The new page ExamplesGraphs even includes pictures.
Cross
By default, botch analyzes the native bootstrapping phase. That is, assume that
the initial set of Essential:yes
and build-essential
packages magically
exists and find out how to bootstrap the rest from there through native
compilation. But part of the bootstrapping problem is also to create the set of
Essential:yes
and build-essential
packages from nothing via cross
compilation. Botch is unable to analyze the cross phase because too many
packages cannot satisfy their crossbuild dependencies due to multiarch
conflicts. This problem is only about the dependency metadata and not about
whether a given source package actually crosscompiles fine in practice.
Helmut Grohne has done great work with rebootstrap which is regularly run by jenkins.debian.net. He convinced me that we need an overview of what packages are blocking the analysis of the cross case and that it was useful to have a crossbuild order even if that was a fake order just to have a rough overview of the current situation in Debian Sid.
I wrote a couple of scripts which would run dose-builddebcheck
on a
repository, analyze which packages fail to satisfy their crossbuild
dependencies and why, fix those cases by adjusting package metadata accordingly
and repeat until all relevant source packages satisfy their crossbuild
dependencies. The result of this can then be used to identify the packages that
need to be modified as well as to generate a crossbuild order.
The fixes to the metadata are done in an automatic fashion and do not necessarily reflect the real fix that would solve the problem. Nevertheless, I ended up agreeing that it is better to have a slightly wrong overview than no overview at all.
Minimizing the dependency graph size
Installation sets in the dependency graph are calculated independent from each
other. If two binary packages provide A
, then dependencies on A
in
different installation sets might choose different binary packages as providers
of A
. The same holds for disjunctive dependencies.
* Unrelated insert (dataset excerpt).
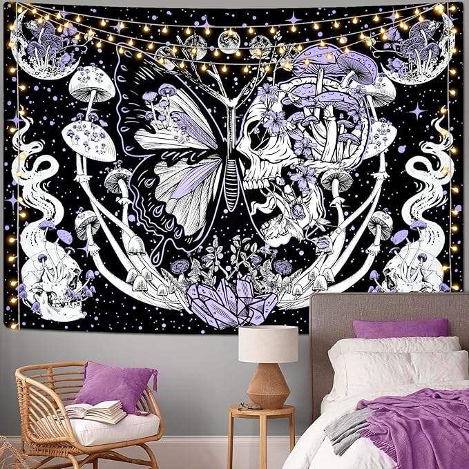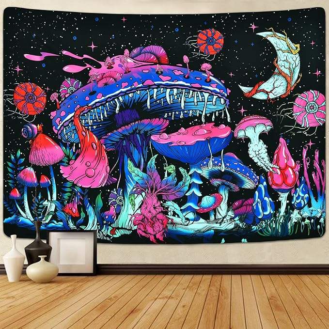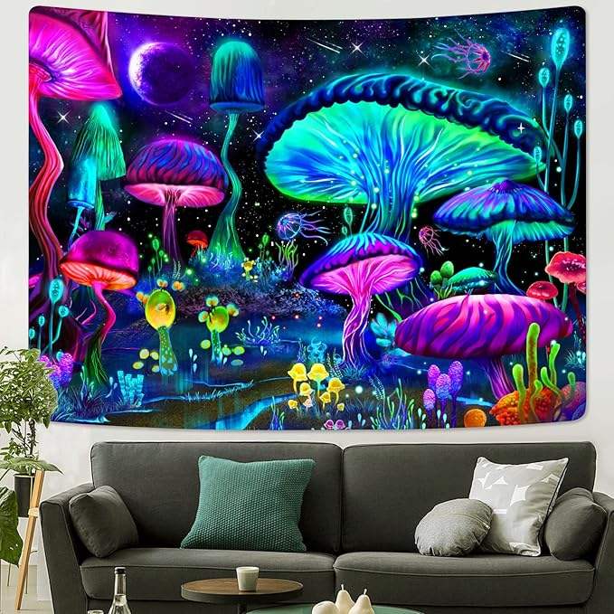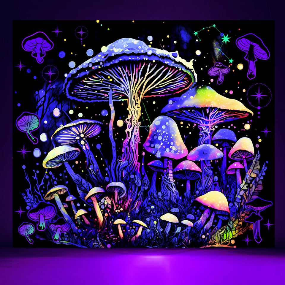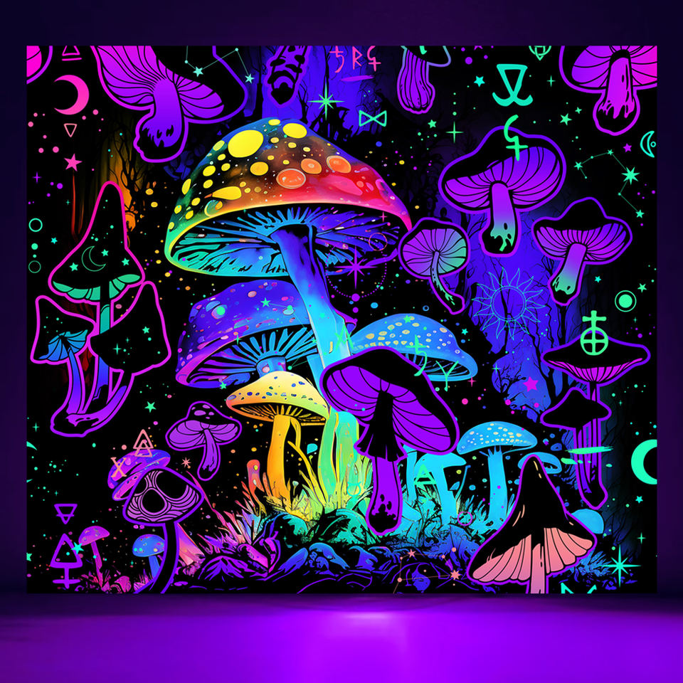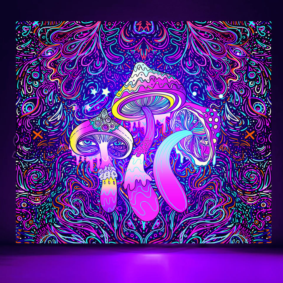 Décoration bon marché chambre suspendu personnalisé imprimé crapaud champignon Uv réactif lumière noire psychédélique Trippy tapisserie pour mur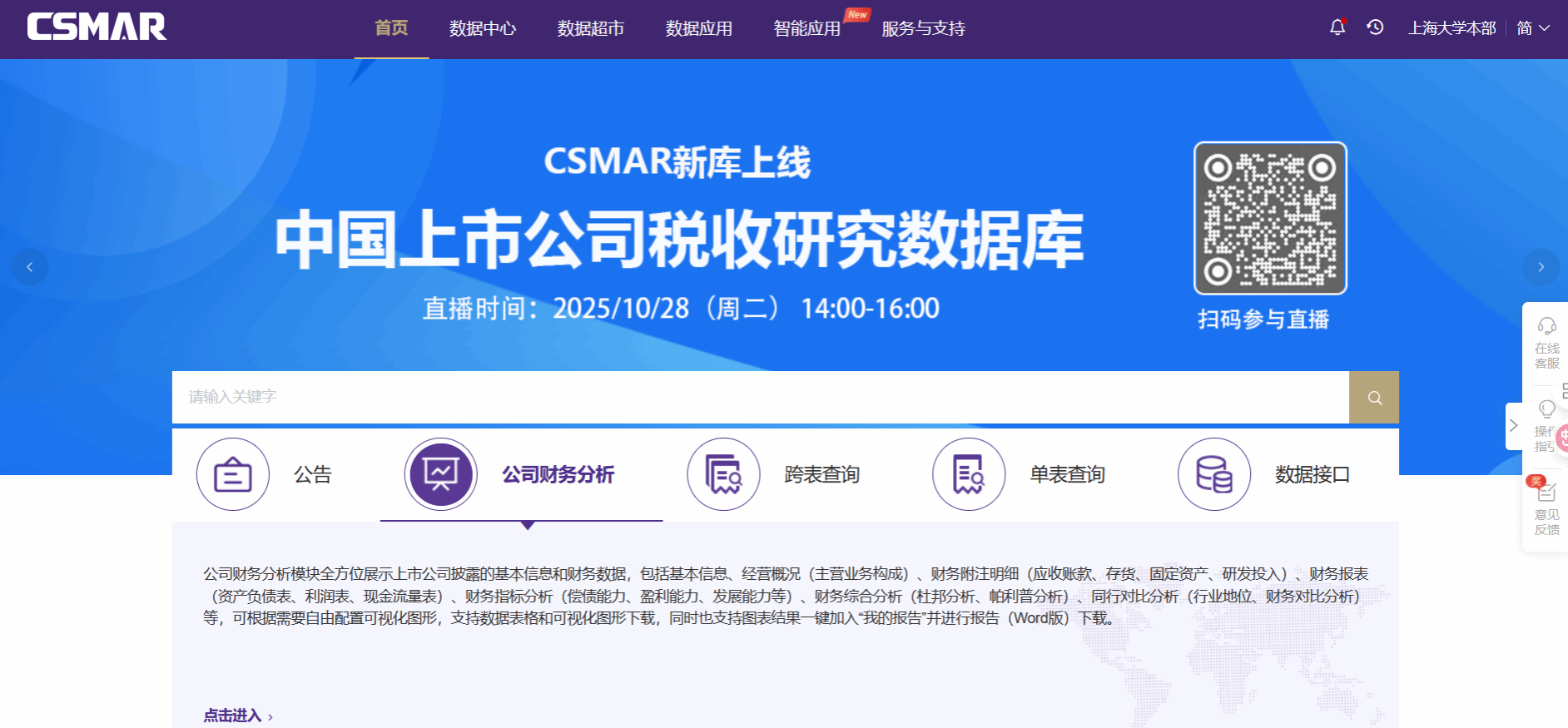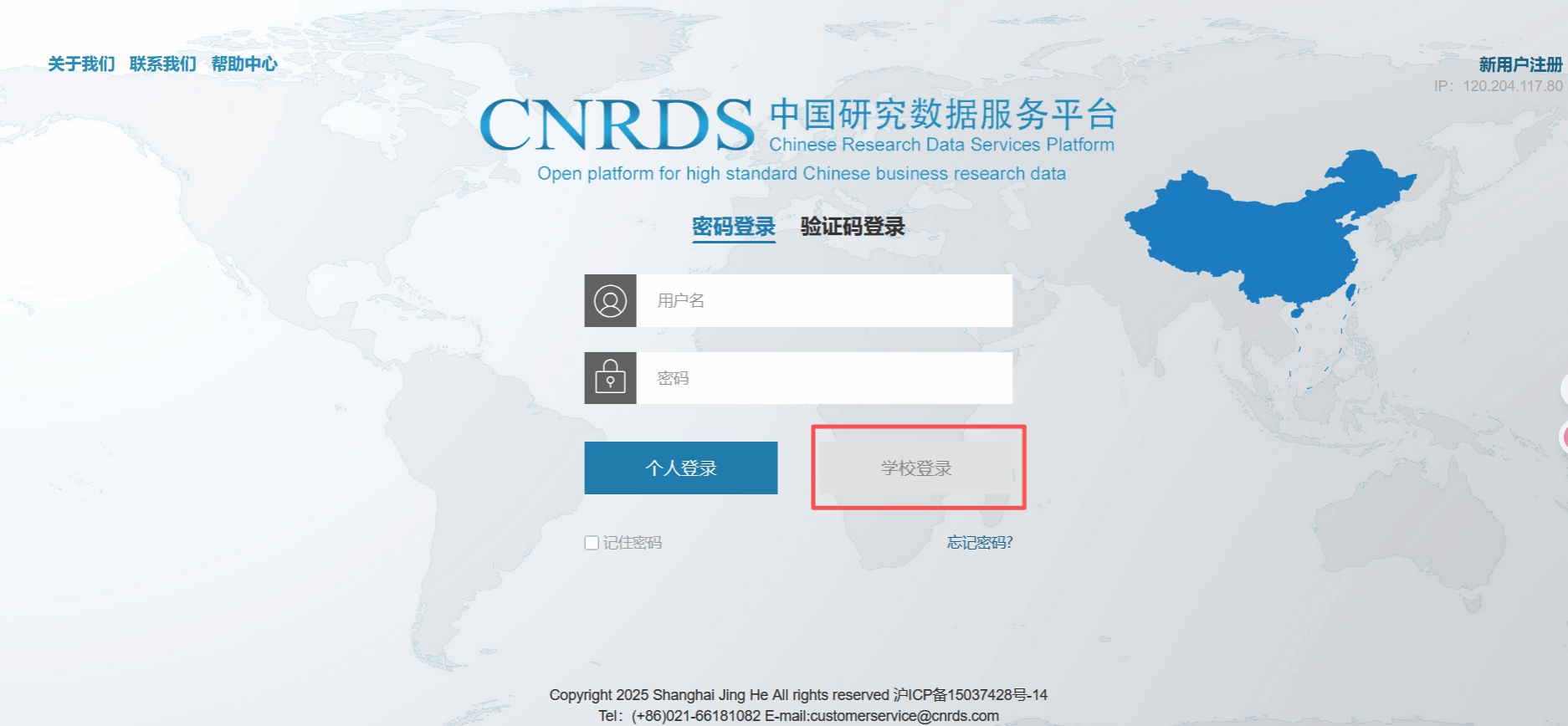 CNRDS中国研究数据服务平台 【数据库简介】中国研究数据服务平台 (Chinese Research Data Services Platform, CNRDS)是一个高质量、开放式、平台化的中国经济、金融与商学研究的综合数据平台。CNRDS 的宗旨在于借鉴 WRDS 等国外一流商学院打造的数据平台,构建中国特色的研究数据资源,促进中国研究数据的规范化、平台化、国际化,继而推动中国研究向纵深化、精细化方向发展。 【访问地址】https://www.cnrds.com/ 全讯800cc大白菜ip段内点击“学校登录”可直接进入使用,目前仅有基础库使用权限

If a package depends on A
| C
and another package depends on C | A
then there is no coordination to
choose C
so to minimize the overall amount of vertices in the graph. I
implemented two methods to minimize the impact of cases where the dependency
solver has multiple options to satisfy a dependency through Provides
and
dependency disjunctions.
The first method is inspired by Helmut Grohne. An algorithm goes through all disjunctive binary dependencies and removes all virtual packages, leaving only real packages. Of the remaining real packages, the first one is selected. For build dependencies, the algorithm drops all but the first package in every disjunction. This is also what sbuild does. Unfortunately this solution produces an unsatisfiable dependency situation in most cases. This is because oftentimes it is necessary to select the virtual disjunctive dependency because of a conflict relationship introduced by another package.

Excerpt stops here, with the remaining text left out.